Pulley and his two younger pupils, Ted Pitts and Walter Flowers, might be officials in the country’s premier conference, but just like college football fans, they too argue about holding. They debate pass interference also, and chop blocks and targeting. Officiating is not an exact science, even with video replays and still-shot images. Partly because of that technology, officials are under more scrutiny than ever. Replay, while progressive, calls attention to human error. Additional safety rules, while necessary, expand the rulebook, and the escalating speed of the game, while entertaining, can exacerbate problems. It’s never been a more challenging time to be an official, particularly one working in one of the most passionately hostile sectors in all of sports, SEC football. “We leave a stadium and everybody is either happy with you or mad with you,” Florida coach Dan Mullen says. “I don’t think anybody is happy at those guys when they leave a stadium.”
The SEC and the University of Georgia allowed Sports Illustrated behind the scenes access to one of the league’s new endeavors this year: embedding game officials in football camps around the conference. For two days at this particular camp at UGA, an officiating crew attended team gatherings, mingled with head coach Kirby Smart during practice, sat amid players while listening to a motivational speaker, socialized with strength coaches in the weight room, dined next to guys like quarterback Jake Fromm and, when given a break while players studied film, the officials huddled in their hotel room to examine a different kind of tape. Here’s an inside look at how officials prepare for this college football season in one of the more unique ways—with the team itself.

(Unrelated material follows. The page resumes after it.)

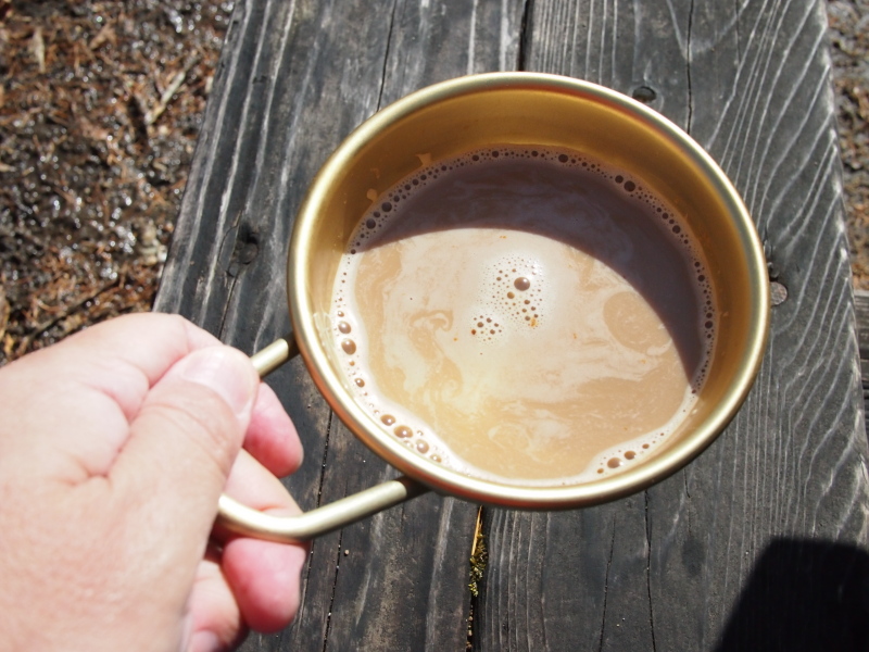 誰も居ない木道に腰を下ろし、暖かいコーヒーで一休み

The University of Georgia Hotel is less than a half-mile from Sanford Stadium and a mile from Athens’ buzzing downtown entertainment district. During the first two weeks of August each year, the hotel is home base for the Georgia football team’s preseason camp. It is overrun with players and staff members, its rooms transformed into college dormitories and its most opulent ballroom turned into a dining hall. It is here, in the Magnolia Room, as hotel staff ready a lavish lunch buffet, that eight SEC game officials gather at a dining table for their very first crew meeting of 2019.
The SEC employs nine crews of eight officials each, along with a handful of alternates. Crews work together through the course of the regular season and can sometimes remain intact for multiple years. Each crew has a chief. That man is always the head referee or, in their own lingo, the white hat. The white hat in this particular crew is James Carter, a 51-year-old father of two from Alabama and one of two black head referees in the conference. Carter’s crew this year includes three new members, two of them rookies. This meeting is similar to a football team’s first gathering before camp. Expectations are communicated, ground rules are discussed and introductions are made. Carter formally welcomes the three newbies to the group with a clear message. “We’ve got to be a team,” he says. “It’s important. We have three new members of this team. We’re excited to have you, and I’m not just blowing smoke up your ass.”
Carter’s group is pretty diverse. One each is from Tennessee (Pulley), Alabama (Carter), Arkansas (Dax Hill), South Carolina (Pitts, a rookie) and Texas (Glenn Fucik). Three are from Georgia (Johnny Crawford, Flowers, new to the crew, and Jonathan Middlebrooks, the other rookie). They range in age from Flowers at 38 to Crawford at 61. And being a rookie doesn’t mean you’re necessarily young; Middlebrooks is 53. For college refs, officiating is a part-time job. Two of the eight are retired and three are educators. There is an insurance salesman, an accountant and an elected city official. Just like most groups in the melting pot of America, there is a cultural divide among them. For example, some of the members hum along to 1990s R&B playing over the ballroom’s ceiling speakers. And some do not. “Bone Thugs-N-Harmony,” Carter says, swaying to the music and singing along. Crawford gazes across the table at his younger crew chief, “Who?”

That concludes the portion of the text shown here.